[Records from a data collection]
######

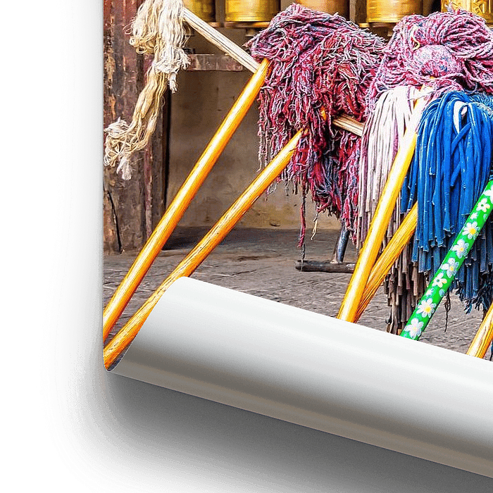 Bid en werk, (ora et labora) daar moest ik aan denken bij het maken van deze foto, in een klooster in Tibet. De gebedsmolens draaien (links). In de molen zit een rol papier met daarop een mantra, meestal is dat een zegenwens voor alle levende wezens. Door de molen een zetje te geven worden de wensen het universum in gestuurd. Maar gewerkt wordt er ook getuige de zwabbers en ladders.
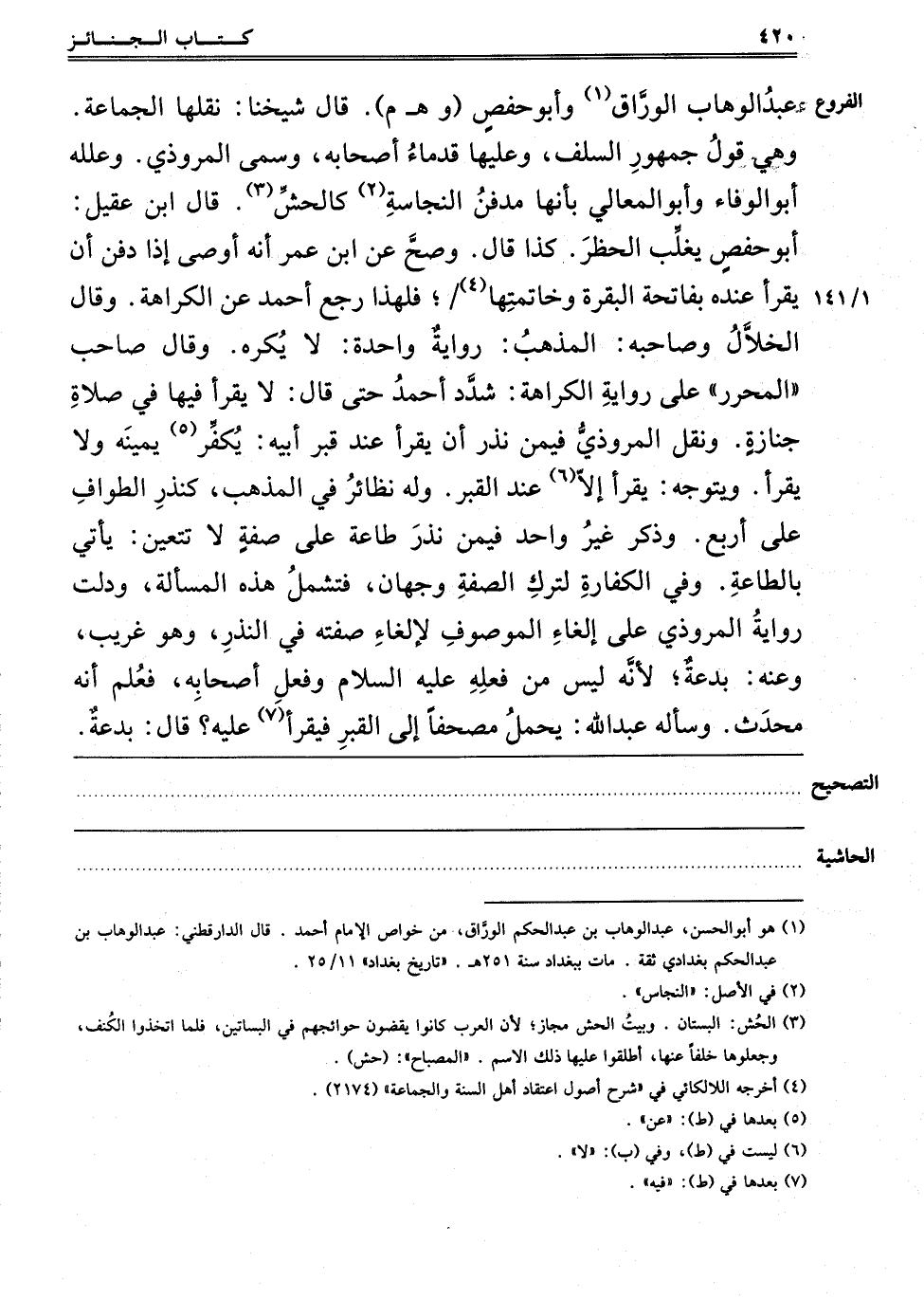 عَبْدُ الْوَهَّابِ الْوَرَّاقُ1 وَأَبُو حَفْصٍ "وهـ م" قَالَ شَيْخُنَا: نَقَلَهَا الْجَمَاعَةُ، وَهُوَ قَوْلُ جُمْهُورِ السَّلَفِ، وَعَلَيْهَا قُدَمَاءُ أَصْحَابِهِ، وَسَمَّى الْمَرُّوذِيُّ، وَعَلَّلَهُ أَبُو الْوَفَاءِ وَأَبُو الْمَعَالِي بِأَنَّهَا مَدْفِنُ النَّجَاسَةِ2، كَالْحَشِّ3. قَالَ ابْنُ عَقِيلٍ: أَبُو حَفْصٍ يُغَلَّبُ الْحَظْرُ، كَذَا قَالَ، وَصَحَّ عَنْ ابْنِ عُمَرَ أَنَّهُ أَوْصَى إذَا دُفِنَ أَنْ يُقْرَأَ عِنْدَهُ بفاتحة البقرة وخاتمتها4؛ فَلِهَذَا رَجَعَ أَحْمَدُ عَنْ الْكَرَاهَةِ. وَقَالَ الْخَلَّالُ وَصَاحِبُهُ: الْمَذْهَبُ رِوَايَةٌ وَاحِدَةٌ لَا يُكْرَهُ. وَقَالَ صَاحِبُ الْمُحَرَّرِ عَلَى رِوَايَةِ الْكَرَاهَةِ: شَدَّدَ أَحْمَدُ حَتَّى قَالَ: لَا يُقْرَأُ فِيهَا فِي صَلَاةِ جِنَازَةٍ، وَنَقَلَ الْمَرُّوذِيُّ فِيمَنْ نَذَرَ أَنْ يَقْرَأَ عِنْدَ قَبْرِ أَبِيهِ: يُكَفِّرُ5 عَنْ يَمِينِهِ وَلَا يقرأ، ويتوجه: يقرأ إلا6 عِنْدَ الْقَبْرِ، وَلَهُ نَظَائِرُ فِي الْمَذْهَبِ، كَنَذْرِ الطَّوَافِ عَلَى أَرْبَعٍ، وَذَكَرَ غَيْرُ وَاحِدٍ فِيمَنْ نَذَرَ طَاعَةً عَلَى صِفَةٍ لَا تَتَعَيَّنُ، يَأْتِي بِالطَّاعَةِ، وَفِي الْكَفَّارَةِ لِتَرْكِ الصِّفَةِ وَجْهَانِ، فَتَشْمَلُ هَذِهِ الْمَسْأَلَةَ، وَدَلَّتْ رِوَايَةُ الْمَرُّوذِيِّ عَلَى إلْغَاءِ الْمَوْصُوفِ لِإِلْغَاءِ صِفَتِهِ فِي النَّذْرِ، وَهُوَ غَرِيبٌ، وَعَنْهُ: بِدْعَةٌ؛ لِأَنَّهُ لَيْسَ مِنْ فِعْلِهِ عَلَيْهِ السَّلَامُ وَفِعْلِ أَصْحَابِهِ، فَعُلِمَ أَنَّهُ مُحْدَثٌ، وَسَأَلَهُ عَبْدُ اللَّهِ: يَحْمِلُ مُصْحَفًا إلَى الْقَبْرِ فَيَقْرَأُ7 فيه عليه؟ قال: بدعة.
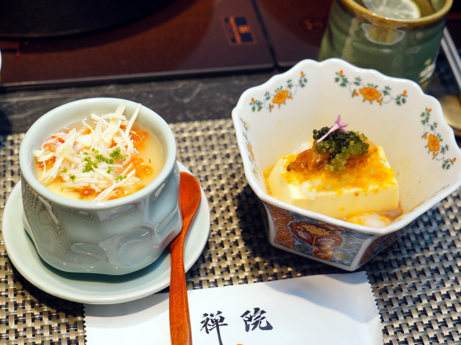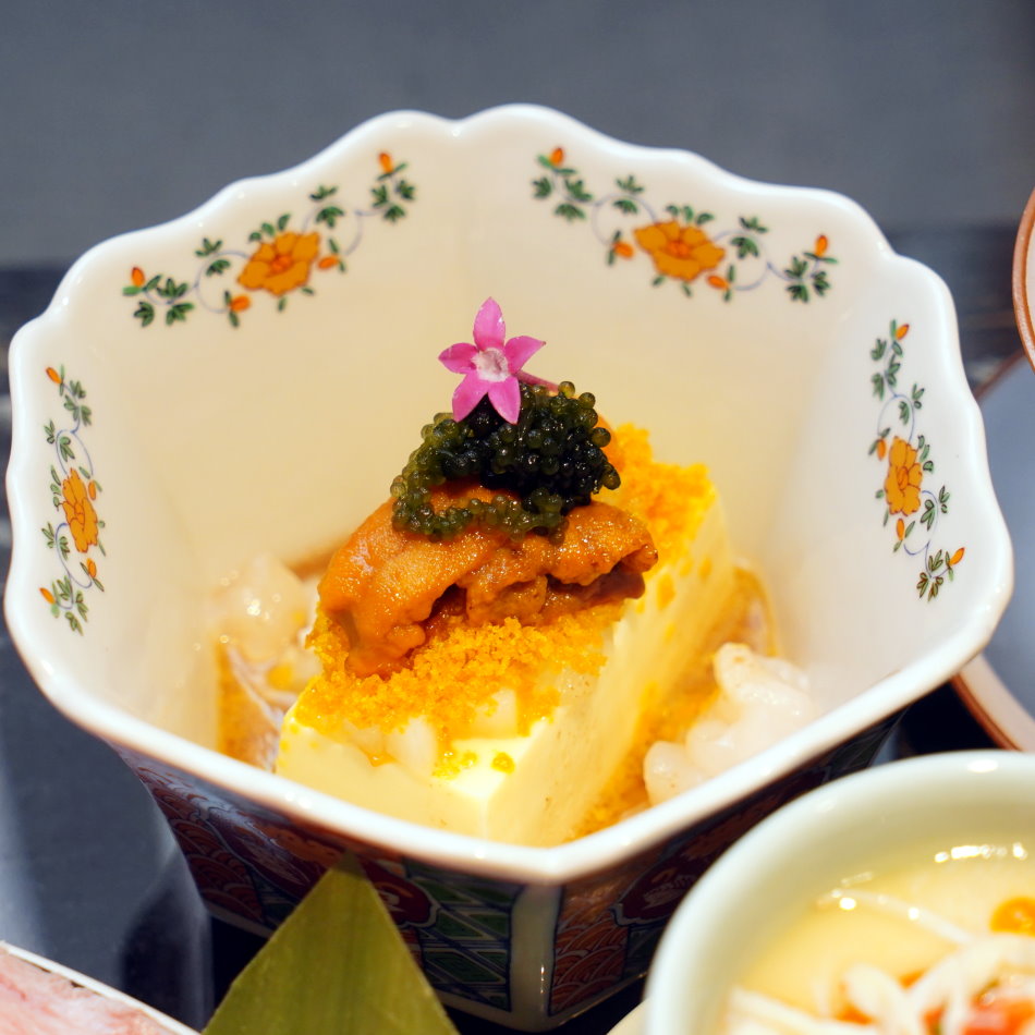 ▼前菜與湯品宛如精緻藝術品,日本海膽烏魚子粉豆腐更是鮮美的極致。質地細膩如脂的豆腐,疊上濃醇甘甜的日本海膽與爽脆海葡萄,最後灑上如金黃粉末般的烏魚子碎,勾勒出海洋的立體層次,鹹甜交織出的深邃鮮味,讓人每一口都嘖嘖稱奇。
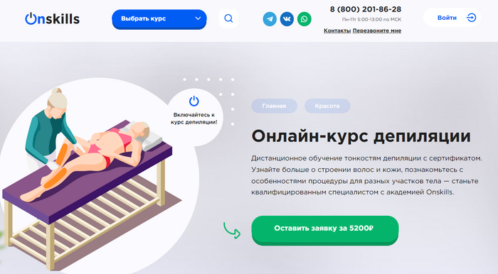 Депиляция воском от Onskills.ru— лучшая обратная связь от преподавателей.
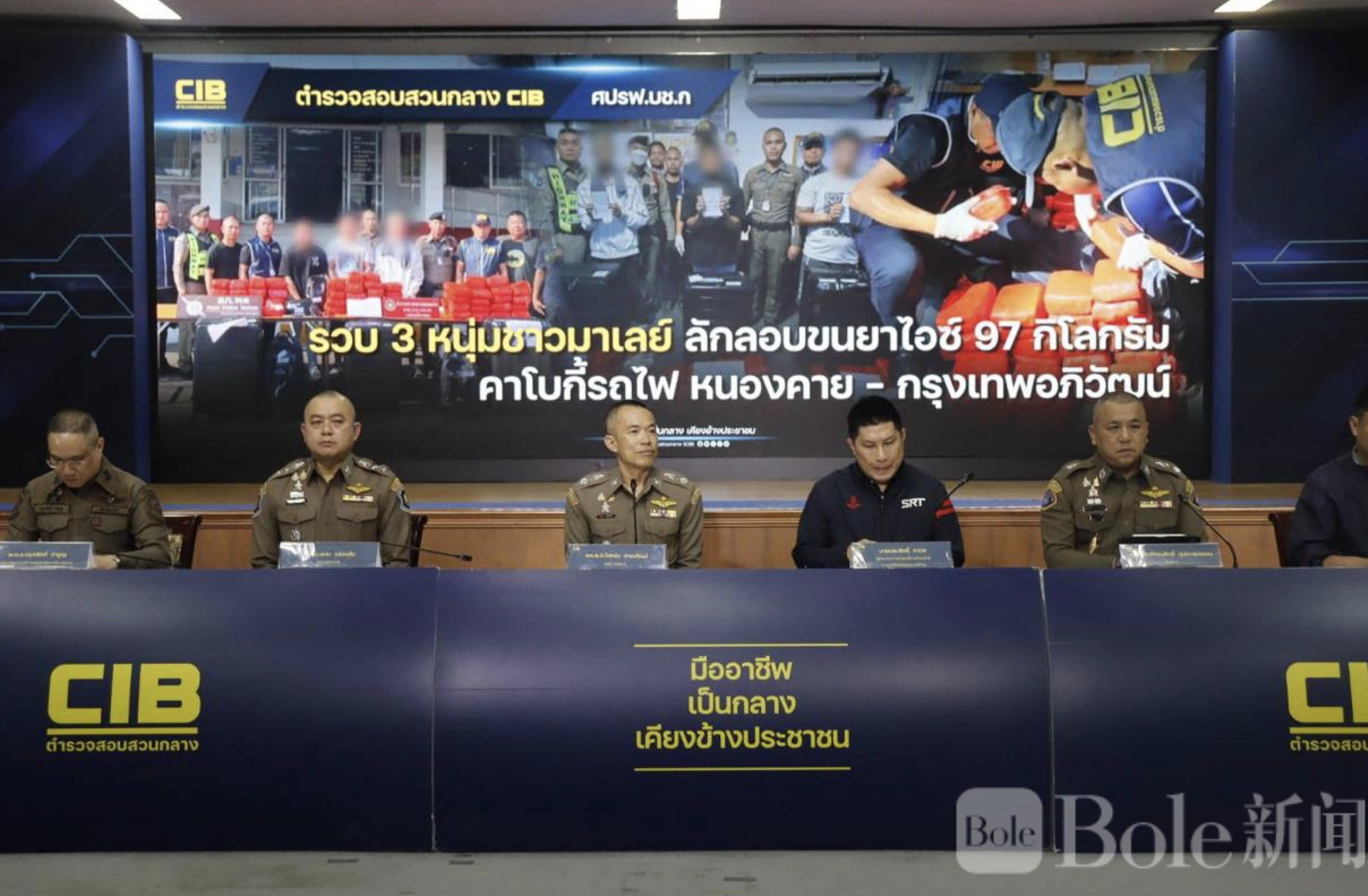 Bole新闻专讯:2026年4月10日,泰国警方联合铁路部门在一列由廊开开往曼谷的特快列车上破获一起重大毒品案件,现场查获约97公斤冰毒,并当场逮捕3名马来西亚籍男子。
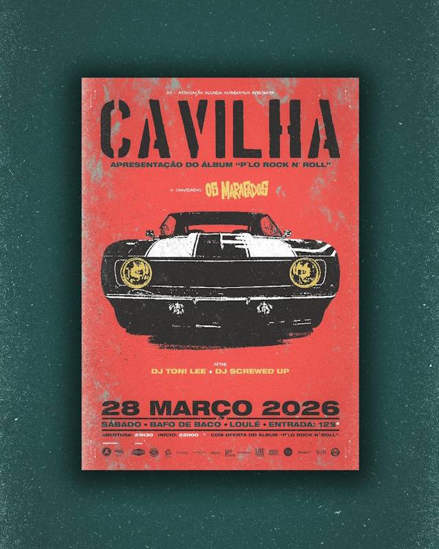 Os Cavilha têm novo lançamento na calha, o seu álbum de estreia “P’lo Rock N’ Roll” e para celebrar o seu lançamento, vão dar um concerto especial no dia 28 de Março no Bafo de Baco, com os convidados especiais Os Marafados e com after party a cargo dos DJ Toni Lee e DJ Screwed Up numa organização da A3 – Associação Algarve Alternativo.
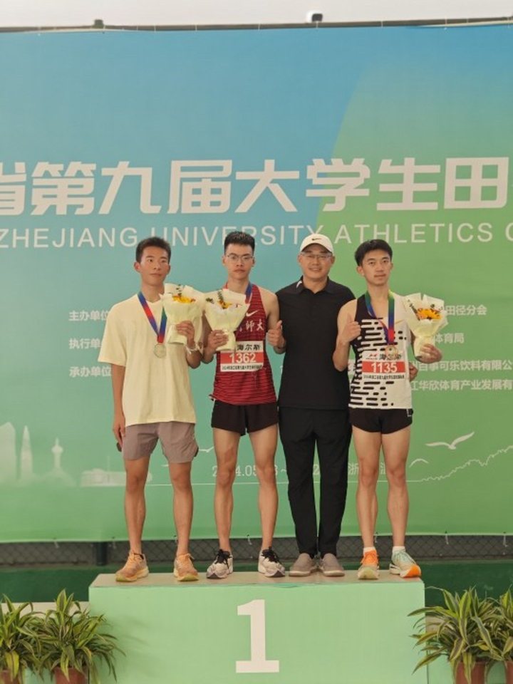 在加入校田径队后,王加淳经历了更加专业的训练,从此也开启了他开挂一样的“夺金”之路。2023年5月,在浙江省第八届大学生田径锦标赛上,他斩获男子甲组800米和1500米冠军,同时打破该项赛事男子甲组1500米纪录,并荣获赛事“优秀运动员”荣誉称号;2023年8月,在第21届全国大学生田径锦标赛上,斩获男子甲组1500米冠军,男子甲组800米季军;2023年11月,在浙江省第十六届大学生运动会上,他荣获男子甲组800米和1500米冠军,同时打破浙江省大学生运动会甲组男子1500米纪录;2023年11月,在17吃瓜 第44届田径运动会上,他先后打破尘封八年之久的男子甲组400米校记录和自己去年校运会上创造的男子甲组800米的校记录,成为学校目前男子甲组400米、800米和1500米校记录的保持者;2024年5月,在浙江省第九届大学生田径锦标赛上,他再次荣获男子甲组800米冠军。在一次次的专业比赛中,他感觉自己得到了质的提升。说到这里,他很想感谢体育学院的黄忠兴老师的教导和照顾,“黄老师一般常驻在仓前校区上课,但是为了帮助我训练,特意将每周两天的课程调来下沙,在他的指导下,我的跑动技术得到了很大的改进,并且训练更加科学了,用更小的跑量换来了更好的体能”。

######

Task to carry out
When copying the records above, please match them exactly but leave out all pictures.

Written answer
 Bid en werk, (ora et labora) daar moest ik aan denken bij het maken van deze foto, in een klooster in Tibet. De gebedsmolens draaien (links). In de molen zit een rol papier met daarop een mantra, meestal is dat een zegenwens voor alle levende wezens. Door de molen een zetje te geven worden de wensen het universum in gestuurd. Maar gewerkt wordt er ook getuige de zwabbers en ladders.
 عَبْدُ الْوَهَّابِ الْوَرَّاقُ1 وَأَبُو حَفْصٍ "وهـ م" قَالَ شَيْخُنَا: نَقَلَهَا الْجَمَاعَةُ، وَهُوَ قَوْلُ جُمْهُورِ السَّلَفِ، وَعَلَيْهَا قُدَمَاءُ أَصْحَابِهِ، وَسَمَّى الْمَرُّوذِيُّ، وَعَلَّلَهُ أَبُو الْوَفَاءِ وَأَبُو الْمَعَالِي بِأَنَّهَا مَدْفِنُ النَّجَاسَةِ2، كَالْحَشِّ3. قَالَ ابْنُ عَقِيلٍ: أَبُو حَفْصٍ يُغَلَّبُ الْحَظْرُ، كَذَا قَالَ، وَصَحَّ عَنْ ابْنِ عُمَرَ أَنَّهُ أَوْصَى إذَا دُفِنَ أَنْ يُقْرَأَ عِنْدَهُ بفاتحة البقرة وخاتمتها4؛ فَلِهَذَا رَجَعَ أَحْمَدُ عَنْ الْكَرَاهَةِ. وَقَالَ الْخَلَّالُ وَصَاحِبُهُ: الْمَذْهَبُ رِوَايَةٌ وَاحِدَةٌ لَا يُكْرَهُ. وَقَالَ صَاحِبُ الْمُحَرَّرِ عَلَى رِوَايَةِ الْكَرَاهَةِ: شَدَّدَ أَحْمَدُ حَتَّى قَالَ: لَا يُقْرَأُ فِيهَا فِي صَلَاةِ جِنَازَةٍ، وَنَقَلَ الْمَرُّوذِيُّ فِيمَنْ نَذَرَ أَنْ يَقْرَأَ عِنْدَ قَبْرِ أَبِيهِ: يُكَفِّرُ5 عَنْ يَمِينِهِ وَلَا يقرأ، ويتوجه: يقرأ إلا6 عِنْدَ الْقَبْرِ، وَلَهُ نَظَائِرُ فِي الْمَذْهَبِ، كَنَذْرِ الطَّوَافِ عَلَى أَرْبَعٍ، وَذَكَرَ غَيْرُ وَاحِدٍ فِيمَنْ نَذَرَ طَاعَةً عَلَى صِفَةٍ لَا تَتَعَيَّنُ، يَأْتِي بِالطَّاعَةِ، وَفِي الْكَفَّارَةِ لِتَرْكِ الصِّفَةِ وَجْهَانِ، فَتَشْمَلُ هَذِهِ الْمَسْأَلَةَ، وَدَلَّتْ رِوَايَةُ الْمَرُّوذِيِّ عَلَى إلْغَاءِ الْمَوْصُوفِ لِإِلْغَاءِ صِفَتِهِ فِي النَّذْرِ، وَهُوَ غَرِيبٌ، وَعَنْهُ: بِدْعَةٌ؛ لِأَنَّهُ لَيْسَ مِنْ فِعْلِهِ عَلَيْهِ السَّلَامُ وَفِعْلِ أَصْحَابِهِ، فَعُلِمَ أَنَّهُ مُحْدَثٌ، وَسَأَلَهُ عَبْدُ اللَّهِ: يَحْمِلُ مُصْحَفًا إلَى الْقَبْرِ فَيَقْرَأُ7 فيه عليه؟ قال: بدعة.
 ▼前菜與湯品宛如精緻藝術品,日本海膽烏魚子粉豆腐更是鮮美的極致。質地細膩如脂的豆腐,疊上濃醇甘甜的日本海膽與爽脆海葡萄,最後灑上如金黃粉末般的烏魚子碎,勾勒出海洋的立體層次,鹹甜交織出的深邃鮮味,讓人每一口都嘖嘖稱奇。
 Депиляция воском от Onskills.ru— лучшая обратная связь от преподавателей.
 Bole新闻专讯:2026年4月10日,泰国警方联合铁路部门在一列由廊开开往曼谷的特快列车上破获一起重大毒品案件,现场查获约97公斤冰毒,并当场逮捕3名马来西亚籍男子。
 Os Cavilha têm novo lançamento na calha, o seu álbum de estreia “P’lo Rock N’ Roll” e para celebrar o seu lançamento, vão dar um concerto especial no dia 28 de Março no Bafo de Baco, com os convidados especiais Os Marafados e com after party a cargo dos DJ Toni Lee e DJ Screwed Up numa organização da A3 – Associação Algarve Alternativo.
 在加入校田径队后,王加淳经历了更加专业的训练,从此也开启了他开挂一样的“夺金”之路。2023年5月,在浙江省第八届大学生田径锦标赛上,他斩获男子甲组800米和1500米冠军,同时打破该项赛事男子甲组1500米纪录,并荣获赛事“优秀运动员”荣誉称号;2023年8月,在第21届全国大学生田径锦标赛上,斩获男子甲组1500米冠军,男子甲组800米季军;2023年11月,在浙江省第十六届大学生运动会上,他荣获男子甲组800米和1500米冠军,同时打破浙江省大学生运动会甲组男子1500米纪录;2023年11月,在17吃瓜 第44届田径运动会上,他先后打破尘封八年之久的男子甲组400米校记录和自己去年校运会上创造的男子甲组800米的校记录,成为学校目前男子甲组400米、800米和1500米校记录的保持者;2024年5月,在浙江省第九届大学生田径锦标赛上,他再次荣获男子甲组800米冠军。在一次次的专业比赛中,他感觉自己得到了质的提升。说到这里,他很想感谢体育学院的黄忠兴老师的教导和照顾,“黄老师一般常驻在仓前校区上课,但是为了帮助我训练,特意将每周两天的课程调来下沙,在他的指导下,我的跑动技术得到了很大的改进,并且训练更加科学了,用更小的跑量换来了更好的体能”。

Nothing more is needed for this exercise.